Board Approves COS Request from Russia, Amidst Concerns about Stockouts
Author:
David Garmaise
Article Type:Article Number: 8
ABSTRACT The Global Fund Board has approved a continuity of services application from the Russian Federation for a Round 4 HIV grant.
On 1 September 2010, the Global Fund Board approved a continuity of services (COS) application from the Russian Federation for a Round 4 HIV grant, in the amount of $16,623,895, for the period from 1 September 2010 to 31 August 2011.

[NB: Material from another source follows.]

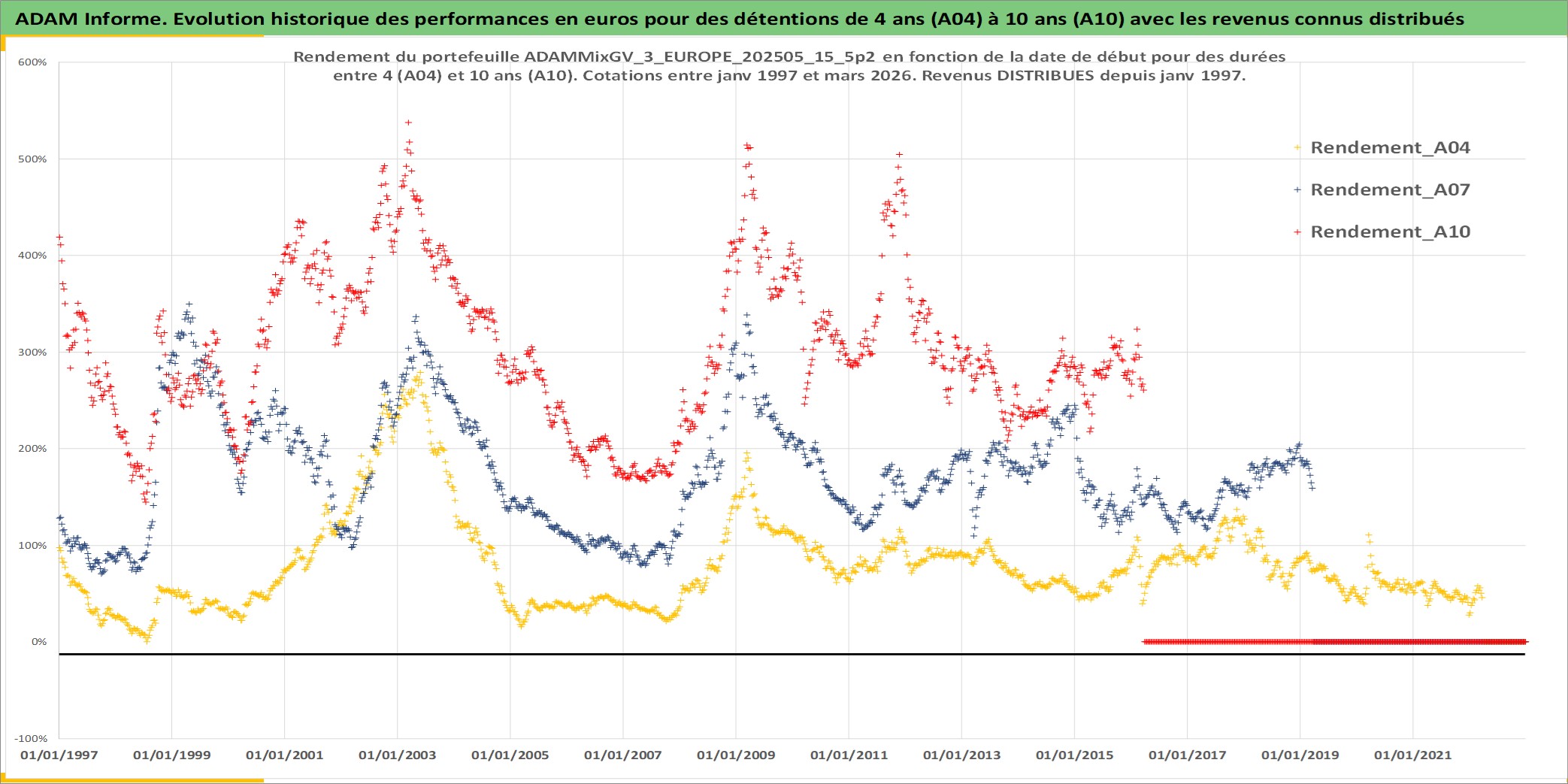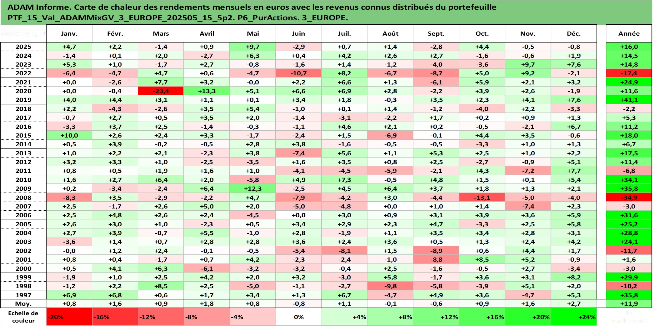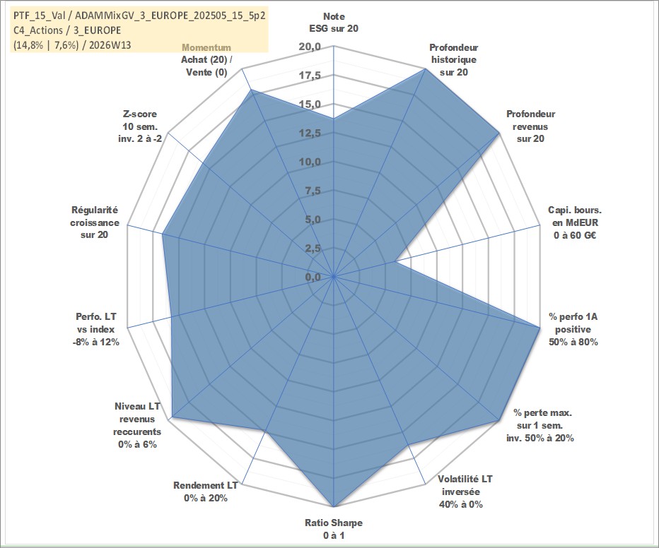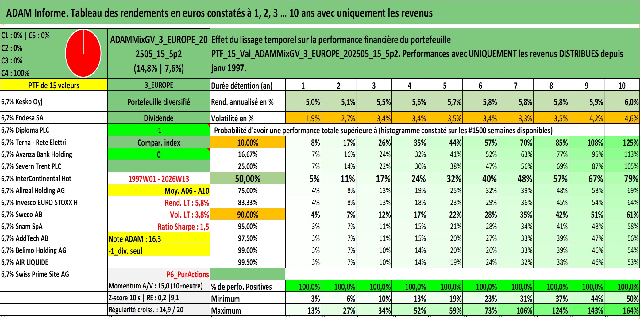 Site dédié aux investisseursPage dédiée sur site financeAnalyse des valorisations hebdomadaires du portefeuille ADAMMixGV_3_EUROPE_202505_15_5p2_15actifs avec un profil P6_PurActions. Ce portefeuille est cote en EUR. Les valorisations couvrent les semaines 1997W01 a 2026W13. Les revenus de cet actif financier sont pris en compte depuis la semaine 1997W01. La note globale ESG de cet actif est estimee a 13.7 (apres rebasage entre 0 et 20).

The Board said that although the Russian Federation does not meet all of the eligibility criteria for Global Fund support for upper-middle-income countries, “there is a need for continuing ARV treatment for 12,258 patients currently on treatment” for the three month period (September – November 2010) who are being transitioned into the national treatment programme. The Board added that the Russian Federation requires additional time to finalise the transition of ARV treatment of 4,669 migrants and prisoners into the national programme.
The Board approved the funding “with the understanding” that by not later than 31 March 2011, the CCM will submit to the Global Fund a transition plan for migrants and prisoners describing how the patients on treatment will be funded from government and other sources after the period covered by the COS.
Since Round 6, the Russian Federation has been classified by the World Bank as an upper-middle-income country and has been eligible to apply to the Global Fund only for TB (in light of the high burden of TB in the country). It has not been eligible to apply for HIV or malaria. Prior to Round 6, the Russian Federation was classified as a lower-middle-income country.
In November 2009, the Global Fund Board approved ‘on an extraordinary basis’ an extension of a Round 3 HIV grant to Russia, which was due to expire on 31 August 2009. The extension is until 31 December 2011. The cost of the extension is $24 million. The grant includes the provision of ARVs as well as prevention services to vulnerable populations. In its decision, the Board noted that the Fund’s income eligibility policies are under review, and that this review should be completed by late 2010. The Board also urged Russia to expand its investments in services to vulnerable populations.
Meanwhile, according to postings on the International Treatment Preparedness Coalition (ITPC) listserv, demonstrations were held in Moscow in mid-September 2010 to protest interruptions of treatment for people living with HIV. Activists said that the interruptions started in April 2010 and have affected at least a quarter of Russia’s regions. Several activists were arrested and later released.
The website www.pereboi.ru, which was launched in 2010 specifically to record the absence of medicines, reports stockouts of ARVs in Ulyanovsk, Samara, Arkhangelsk, the Moscow Oblast, Vladimir, Kaliningrad, Saratov and other regions. Treatment interruptions in prisons are recorded in almost all regions of Russia. Stockouts have been a documented problem for four consecutive years. Legal proceedings against the government with regard to stockouts have already been initiated in three Russian cities. According to the Russian Health Care Foundation, less than 62,000 patients out of the 120,000 who need them will receive ARVs in 2010.
Activists are concerned that the situation will only get worse after money from international sources, such as the Global Fund, runs out because, in their view, the government of the Russian Federation is not taking adequate steps to replace the funding that will be lost and to improve treatment delivery.
Some of the information for this article was taken from Board Decision Point GF/B21/EDP/19, not yet posted on the Global Fund website; and Board Decision Point GF/B20/DP29, at www.theglobalfund.org/en/board/decisions.